Melted RCA cables suggests a hefty ground loop,or a (power supply) short somehow.

there was a ground issue while the amp was installed in the car.

i grounded the rca's to reduce the noise, but the ground noise never went away - which is another reason why i held off on the vehicle install.

the computer power supply was used to power a computer for a few months prior to becoming an amplifier power supply.
although the power supply does make a 'humm' or 'buzz' noise that is quite loud.. could that have something to do with it, or were you referring to the power supply inside the amplifier?


your post gave me a glimpse of hope for the amplifier.
 
Most PC supplies have the output negative grounded to earth ground,it's not a 'floating' output,so you have to keep that in mind when using them. That shouldn't necessarily cause a problem though. The "humming/buzzing" is odd,PC supplies are SMPS's,and shouldn't have any real 60Hz noise to them. Maybe it's a beat frequency between the PC SMPS,and the amp's internal SMPS. Hard to say.

I'd suggest taking a look at the amp,perhaps a ground trace has melted,or the ground(s) on the RCA jacks are open.

Either way,something doesn't seem right.
 
Most PC supplies have the output negative grounded to earth ground,it's not a 'floating' output,so you have to keep that in mind when using them. That shouldn't necessarily cause a problem though. The "humming/buzzing" is odd,PC supplies are SMPS's,and shouldn't have any real 60Hz noise to them. Maybe it's a beat frequency between the PC SMPS,and the amp's internal SMPS. Hard to say.

I'd suggest taking a look at the amp,perhaps a ground trace has melted,or the ground(s) on the RCA jacks are open.

Either way,something doesn't seem right.

well the humm or buzz was so bad that i bought a new power supply for the computer because i didnt want to listen to it.. mainly for my animals with sensitive ears.
when i read what the noise was about.. i came to the conclusion that it was the torroidal coil.
and yeah, i used a paper towel roll to determine that the torroidal coil was making noise.
i read a suggestion that said to put some glue on the coil to hush it up, but that didnt work.


ah yes,
'seems'
the essence of electronic circuitry.. i'd love to see this amplifier repaired with something as simple as a trace that over-heated.

i saved about 50% when i bought this amp.. and i never have been able to use it yet.
so i'd like to get it fixed.

besides.. my jl audio 12w7 requires a hefty hefty amount of power, so i really sorta need this amplifier.
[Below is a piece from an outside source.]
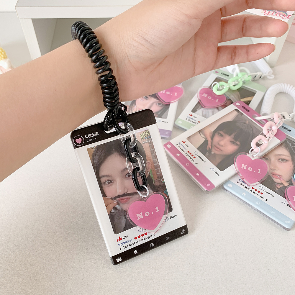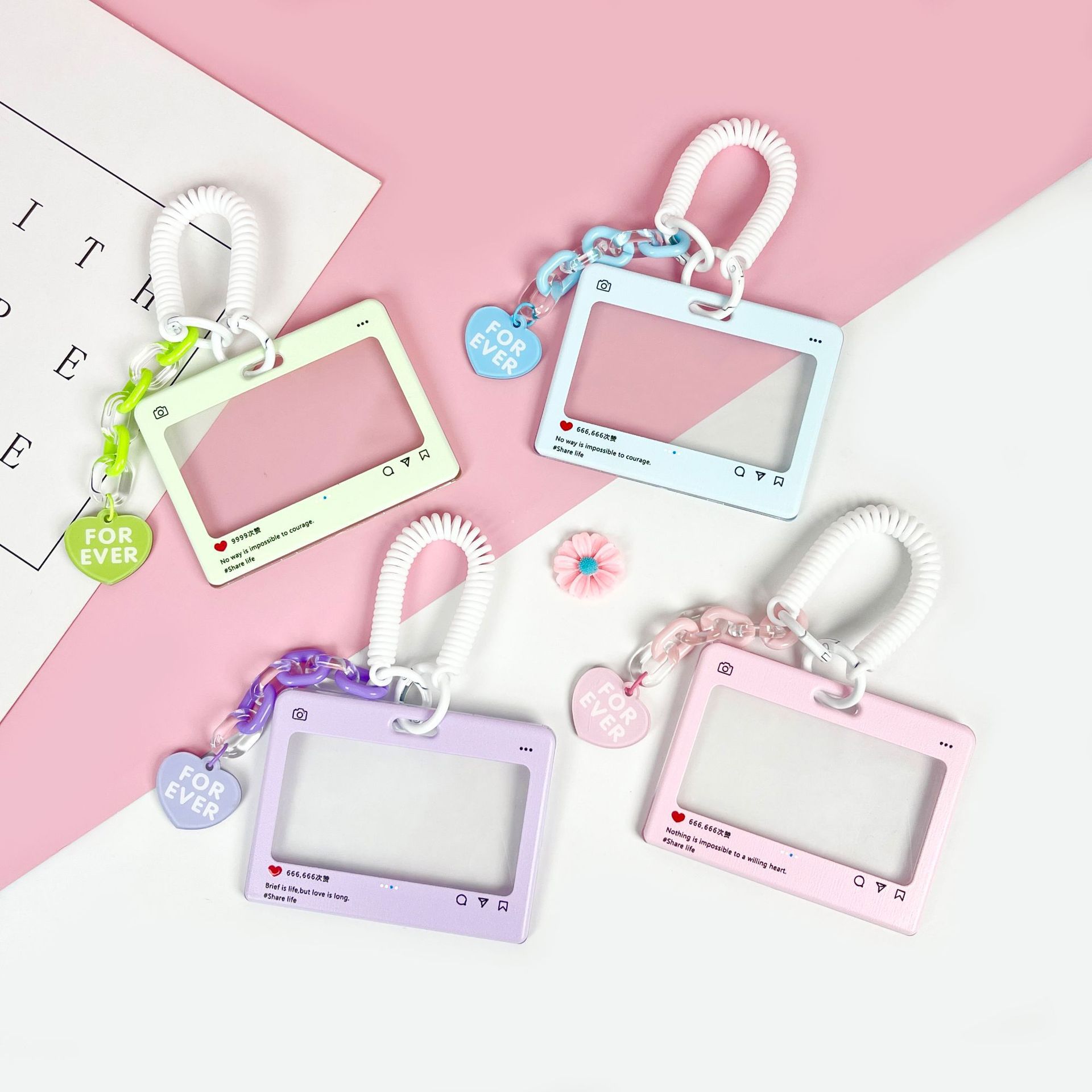 ins风拍立得卡套学生校园卡饭卡包追星小卡硬卡套防丢弹力钥匙扣

thanks for all the replies.
 
Hmm.. with all your description, I will highly suspect its an amp prob. Without seeing it, I wouldnt know but I am guessing its the output side, some capacitor or resistor or transitor burnt out.

Dont ever try to connect this amp to some speaker again.

Most amp can be repaired for a reasonable cost, go to your local ICE installers and ask if they have anyone in mind to help out. Worst case, go to hifonics for a quote before you decide.